Livestock owners are set to benefit from a change in the Animals Act of 1971. The Government has published a consultation paper proposing reforms which would mean that owners of livestock will not automatically be held responsible for their causing accidents.
 
Currently, owners of horses or cattle which cause accidents are liable for any injuries they cause and can face huge compensation claims, and therefore increased insurance premiums, regardless of how careful they have been to prevent damage or escape.
 
Henry Aubrey-Fletcher, president of the CLA which has been lobbying for a change in the law, said, ‘This is great news.
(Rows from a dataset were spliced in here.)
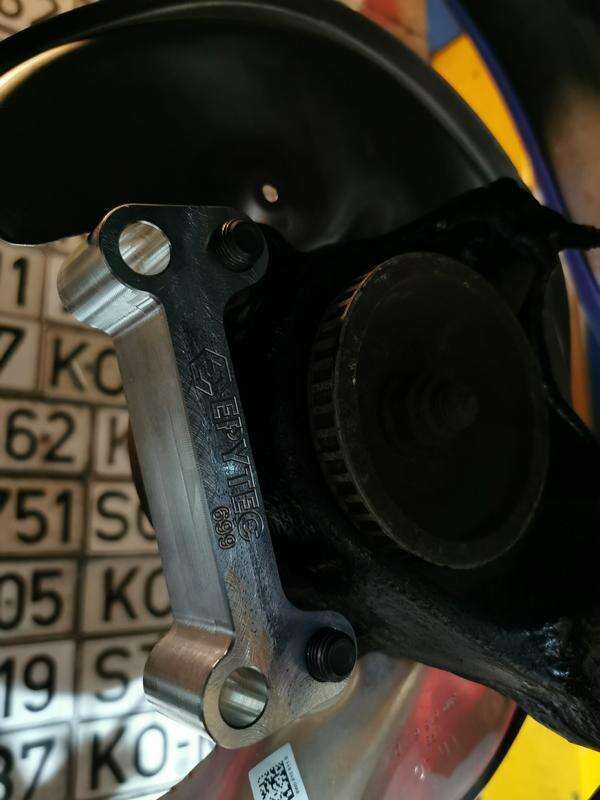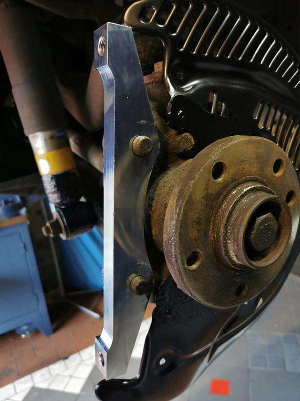 Montage de l'adaptateur Epytec Tuning ( article 699) sur l'essieu arrière de la VW T4.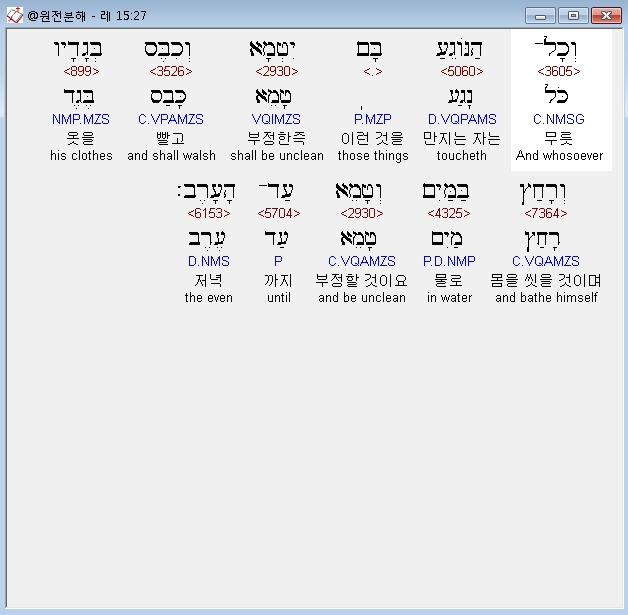 히브리어구약BHS,27 וְכָל־הַנֹּוגֵעַ בָּם יִטְמָא וְכִבֶּס בְּגָדָיו וְרָחַץ בַּמַּיִם וְטָמֵא עַד־הָעָרֶב׃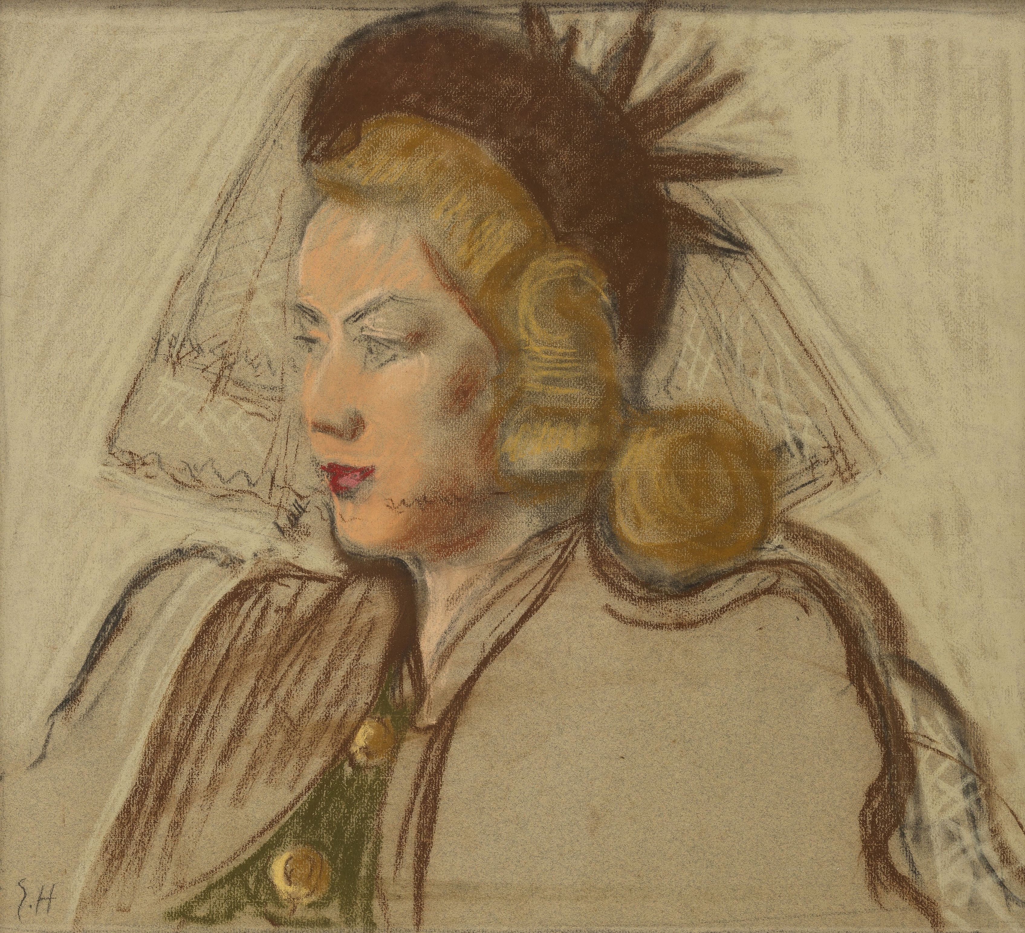 Nadia à la voilette, pastel sur papier, monogrammé, 41x46,5 cm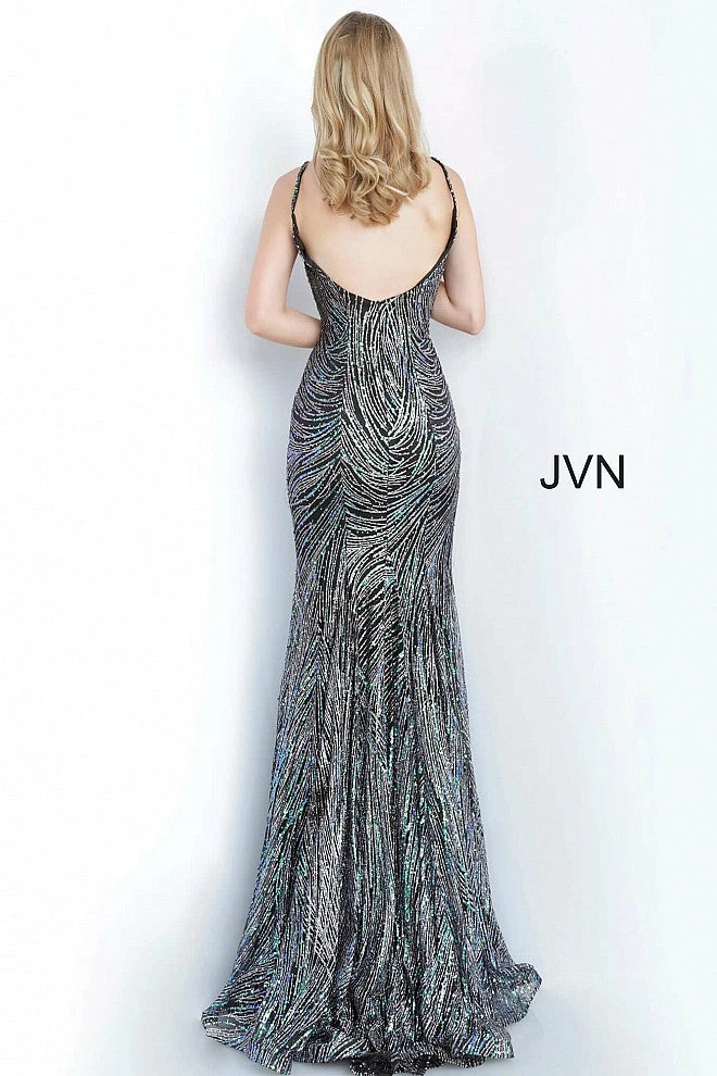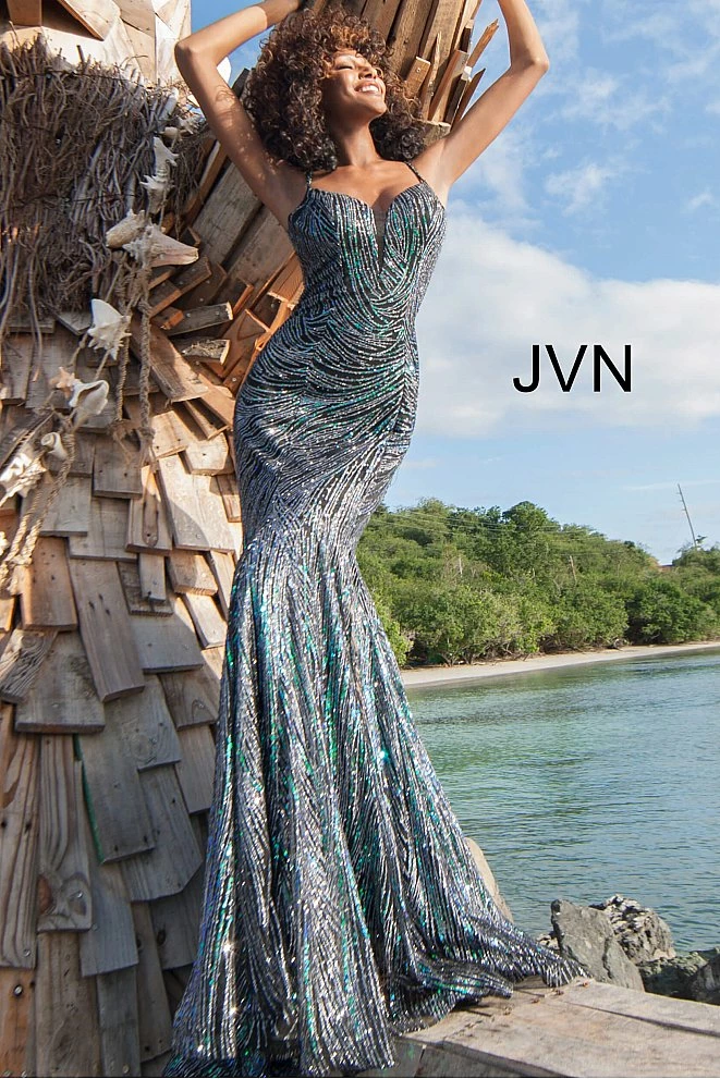 Jovani JVN 02432 is a Long Fitted Prom Dress. Featuring Sequin & Glitter Embellished Fabric for a Dimensional Color Shine! Plunging Deep V Neckline with a sheer mesh panel. spaghetti straps. Slight Mermaid SilhouetteΒ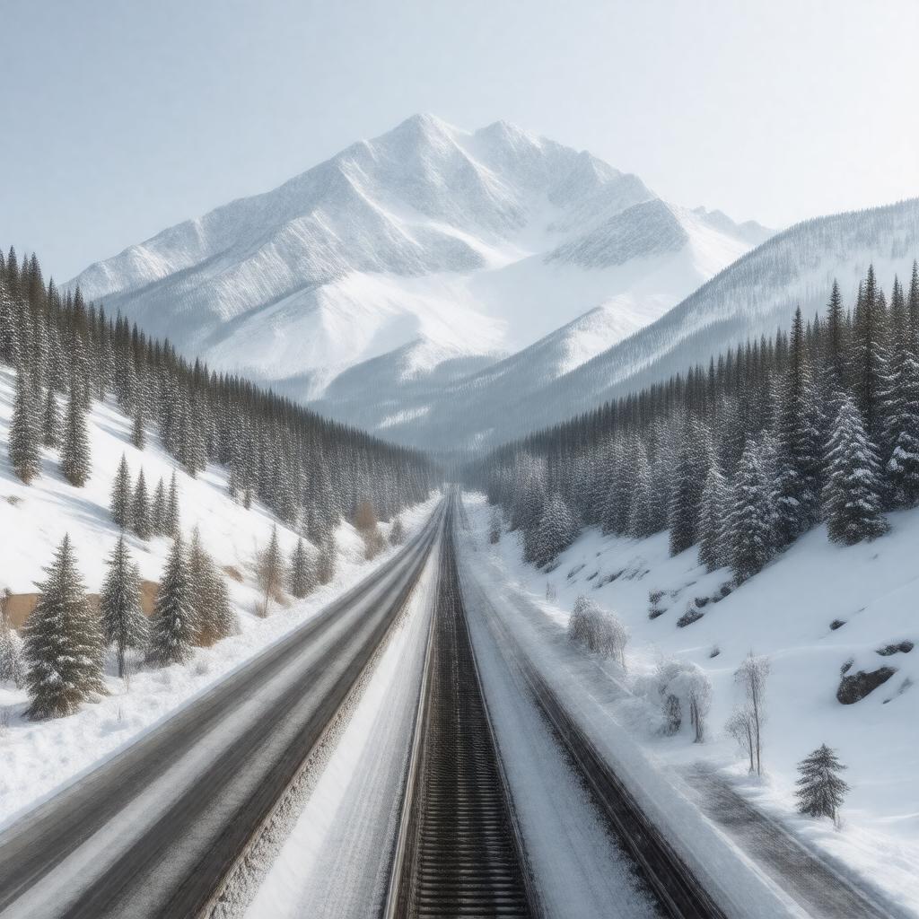 "Generate an image of a mountain pass in the Sierra Nevada mountain range in California, with a high elevation and heavy snowfall, featuring Interstate 80 and Union Pacific Railroad crossing through, surrounded by alpine climate and scenic trails, including the Pacific Crest Trail, with landmarks such as Donner Summit Bridge and Donner Memorial State Park, and nearby attractions like Sugar Bowl Resort and Donner Lake, in a realistic style."

Hopefully, now the risk of having to pay out has been reduced, insurance companies will cut the premiums animal owners have been burdened with in recent years.
 
‘Of course a person who is negligent in the way they control their animal should be held liable if that animal injures someone, but it is wrong for someone to be held liable if they had no reason to suspect there would be a problem and, in any event, had done everything they could to prevent it.’
 
The current state of the law is the result of a judgement of the House of Lords in 2003 in the case of Mirvahedy v. Henley. Mr Mirvahedy was seriously injured when his horse was in collision with Mr and Mrs Henley’s horse which had been frightened by something unknown and had bolted onto a dual-carriageway.  
 
The horse had been in a secure field, and a claim against the Henleys under liability in negligence failed. However, through a majority judgement in the House of Lords, the Henleys were held liable.